Ruhl is one of the most acclaimed young authors working in the theater today. She writes surrealist fantasies that happen to be populated by eccentric people, who find themselves in illogical dreams which appear to be real. She blends the mundane and the metaphysical, the authentic and the obscure. She does not write in the traditional mode of beginning (exposition), middle (story development), conclusion (this is what the whole story means or this is the moral.) Her format is nonlinear. She throws in surprises and mysteries as she probes how people experience life. She has said, “Everyone has a great, horrible opera inside him. I feel that my plays, in a way, are very old-fashioned fancifully surreal aspects of the story.”

Sound confusing? That's probably why many of the audience left mumbling that they didn't understand what was going on and the post-play discussion was filled with questions probing the meaning of the piece.

In DEAD MAN'S CELL PHONE, while eating in a restaurant, Jean picks up the incessantly ringing cell phone of a stranger (Gordon). He has good reason not to answer it himself: Gordon is dead. Answering the cell, the simplistic Jean, like Alice in wonderland, falls into a strange psychological hole. As she wanders further and further, events keep getting odder and odder. We learn that Gordon has a lack of real connection with family and friends, though he has been in constant contact with them via cell phone calls and messages. He searches after bodies, but not for emotional contact.

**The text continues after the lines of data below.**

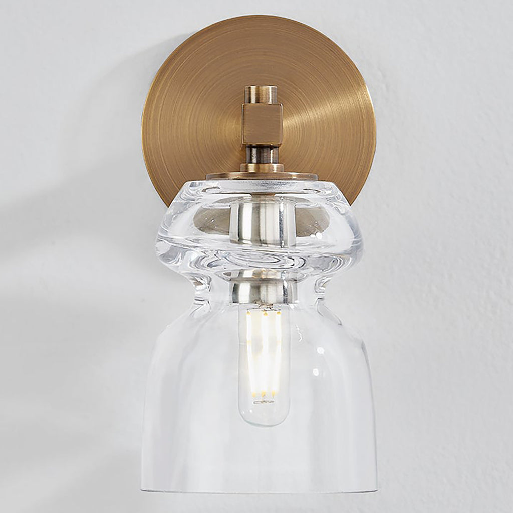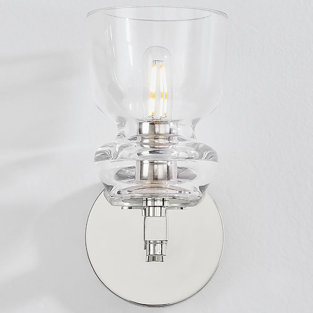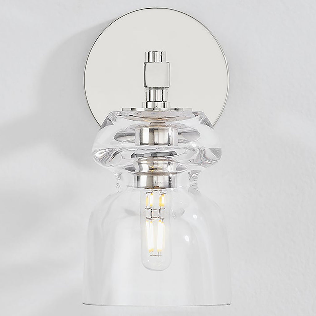 Minimal yet refined, Troy Trey Wall Sconce proportion with understated, yet significant metalwork and a thick glass shade. Crafted from Clear Glass, the shade tapers in the middle, creating an asymmetrical hourglass shape. Supporting this votive-like shade is a sleek circular backplate and rectangular metal post, which are available in a Polished Nickel or Patina Brass finish.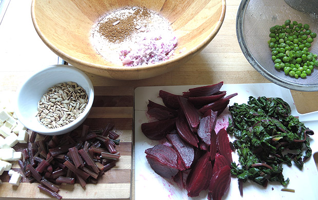 Wash the beets and beet greens separate. Cook the beets in salted water to cover until tender approximately 30 minutes depending on size. Use a fork or knife to test doneness, let cool slightly and rub off the skins and tails. Cut beets into 1/8″ thick wedges and set aside. Meanwhile cut the leaves off the stems and cook both separately for about 5 minutes in a fresh pot of boiling salt water. When done strain through a sieve, cool down with running tap water and chop into bite size pieces (see picture). Cook peas the same way, if using.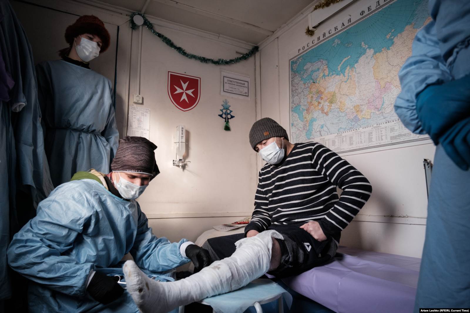 Андрей на перевязке у врачей в приюте Мальтийской службы помощи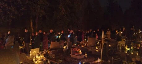 Rozpoczęliśmy w kaplicy cmentarnej – miejscu ciszy i modlitwy – by następnie wśród grobów, w świetle świec i refleksji, obwieszczać zwycięstwo Chrystusa nad śmiercią.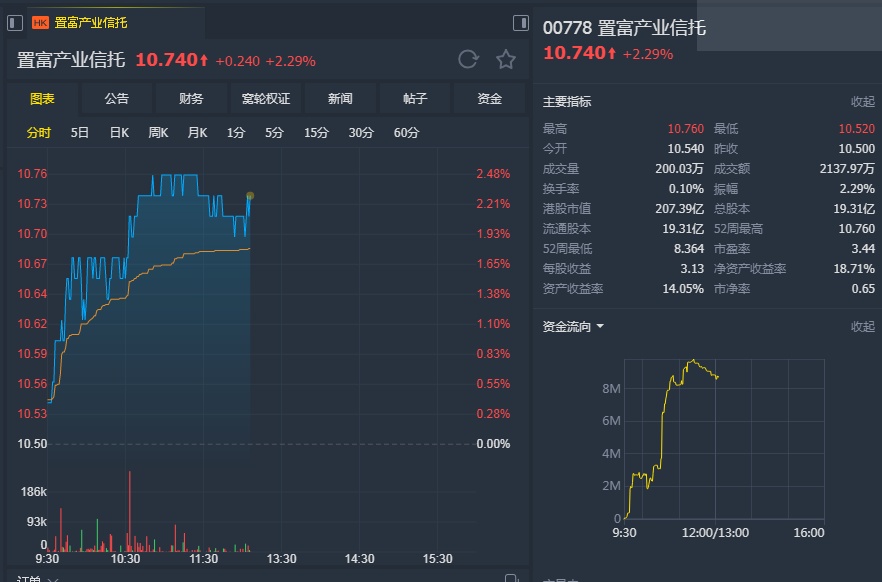 该行表示,置富零售续租水平高,在香港地产股中,其100%收入来自本地,零售收入比率占62%,能够为投资者提供相对避险,在香港信托基金中,钟情置富,股息率5厘,负债比率20.9%,美银美林评价在现时环境,不认为相对较高负债属忧虑焦点。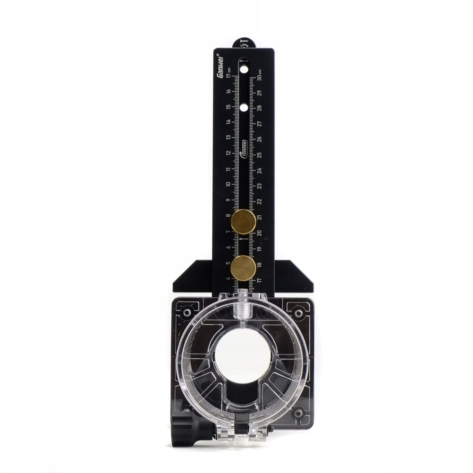 Ширка циркуля скользит в основании насадки и может поворачиваться на 180 градусов в зависимости от диаметра круга. Полоса имеет 3 резьбовых отверстия, в которые можно ввинтить стопорный винт.

Jean gets swept up in a world, like the world many of us inhabit, in which electronic media acts as the conduit for personal relationships…cell phones, voice mail, texting, twittering, email, electronic meetings. As Ruhl explains it, “I started the play before cell phones were as ubiquitous as they are - but I felt as though they were already changing culture, our sense of solitude and community and our sense of time as always happening in the instant.” She goes on to say that, in spite of extensive communication, much of it is meaningless, often we don't even care who is listening, and that “the air is now filled with these voices - there is no longer any privacy.”

Jean finds herself making up lies to cover for Gordon's lack of conveying his feelings and thoughts to his “loved ones.” She uses her imagination to fill in what she thinks Gordon should have said. This results is a reconstruction of Gordon's relationships with his wife, mother, and mistress. One must question whether Jean's actions are stimulated by her own yearning and lack of fulfillment in her own relationships.

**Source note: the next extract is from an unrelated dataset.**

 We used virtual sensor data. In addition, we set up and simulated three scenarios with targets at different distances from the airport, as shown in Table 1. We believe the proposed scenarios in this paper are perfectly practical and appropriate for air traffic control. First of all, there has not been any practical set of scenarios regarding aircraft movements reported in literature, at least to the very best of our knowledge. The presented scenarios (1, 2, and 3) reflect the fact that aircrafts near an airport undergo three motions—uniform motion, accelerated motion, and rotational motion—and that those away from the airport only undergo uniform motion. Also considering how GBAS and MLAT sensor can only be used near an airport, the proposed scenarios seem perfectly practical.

Dobama's production, under the direction of Scott Miller. is unfocused. Yes, the play is abstract, but, as was revealed during the opening night talk-back, Miller seems to have avoided asking himself, and forcing his cast to probe into what Ruhl was specifically trying to convey.

As I was watching the performance and listening to the talk back, I could only recount the words of Donald Bianchi, the founding Artistic Director of Dobama who used to preach over and over, “As a director or an actor, if you don't clearly know what you are trying to say to an audience, you will not accomplish your end goal.”

Yes, Ruhl writes in metaphysical terms, but if the director and cast had decided on what they thought were her underlying motivates, the play may have been focused and probably made more sense. The cast and director explained themselves with such phrases as: “My purpose was to stay in the moment.” “Everyone has to create their own journey.” “We each bring something to it.” “You can take the script and go any place with it.” Sorry, but, to again flash back to Bianchi's concept, unless the director and the cast know what they, as a unit, are trying to accomplish, the results is what may have best be summed up by a question of a member of the audience, “What was going on here?”

In spite of the obtuseness, the performances were excellent. Excellent as performance art, not of conveying clarity of ideas. It's like, as Bianchi used to say, “If a wonderful actor reads from a phone book, we can be astounded by his skill, but that doesn't mean we'll gain much from what is said.”

Joel Hammer, Tracee Patterson, Paula Duesing, Maryann Elder, Dianne Boduszek and Tom Woodward all performed high levels of performance art.

The clearest focus on stage was Mark Jenks set design. Consisting of abstract walls, risers that were off-kilter, and over-lapping areas of action, it conveyed Ruhl's out of balanced surrealistic concepts.

CAPSULE JUDGEMENT: Dobama's DEAD MAN'S CELL PHONE will fascinate some and confound others. It probably isn't going to be an easy sit or a meaningful experience for many, in spite of excellent acting.